On November 14, 2011, we entered into several agreements with Deerfield pursuant to which we agreed to pay a substantial portion of the remaining future royalties on the sales of Fanapt to Deerfield in exchange for $5.0 million in cash that was recorded as royalty liability (see Note 7, “Royalty Liability” for further discussion), a $10.0 million reduction in the principal amount owed to Deerfield under the existing facility agreement and a revised principal repayment schedule of $2.5 million per year for four years commencing in April 2013 to retire the remaining long-term debt of $10.0 million. We evaluated the November 2011 principal reduction and other amendments to the $20.0 million facility agreement and determined that the modifications should be accounted for as a troubled debt restructuring on a prospective basis. As a result, we recognized the difference between the carrying value of the long-term debt and the total required future principal and interest payments as interest expense over the remaining term using the interest method.
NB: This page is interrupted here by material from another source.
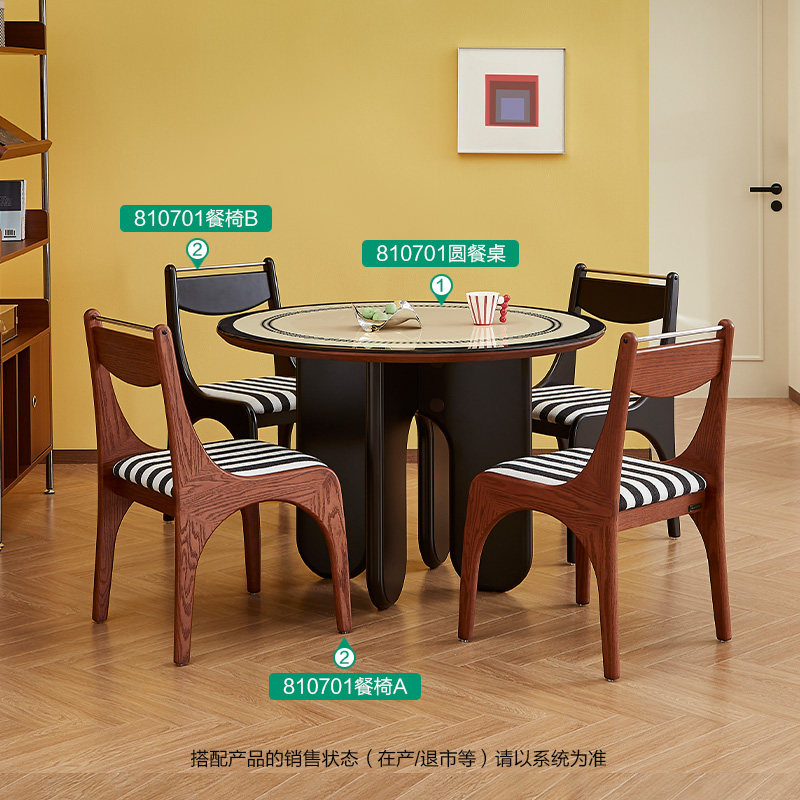 全友家居门店同款 方寸系列 810701 钢化玻璃圆形餐桌餐椅 复古风

On February 6, 2013, the facility agreement was amended to provide that the exercise price of the Deerfield Warrants could be satisfied through a reduction in the principal amount of our outstanding indebtedness to Deerfield. In February and March 2013, Deerfield exercised all of the Deerfield Warrants resulting in a reduction of our outstanding indebtedness to Deerfield of $7.5 million and, accordingly, cancellation of our obligation to make the 2014, 2015 and 2016 installment payments under the Facility Agreement. This resulted in a gain of $1.9 million which was recorded in Other Income (Expense). On April 1, 2013, we made the final principal payment of $2.5 million under the facility agreement.
Royalty Payments
In 1997, we entered into an exclusive license agreement with Sanofi-Aventis SA (formerly Hoechst Marion Roussel, Inc.). The agreement gave us a worldwide license to the patent rights and know-how related to the antipsychotic agent Fanapt (iloperidone), including the ability to develop, use, sublicense, manufacture and sell products and processes claimed in the patent rights. Upon commercialization of the product, the license agreement provides that we will pay royalties based on net sales. Net sales of Fanapt by Novartis during the three-month periods ended March 31, 2014 and 2013 were approximately $17.3 million and $17.8 million, respectively, and we were obligated to pay royalties of approximately $2.6 million and $3.1 million to Sanofi-Aventis on March 31, 2014 and December 31, 2013, respectively, which were included in Accounts Receivable and Accounts Payable on the Condensed Balance Sheets.
Legal Proceedings
There are no ongoing legal proceedings against our company.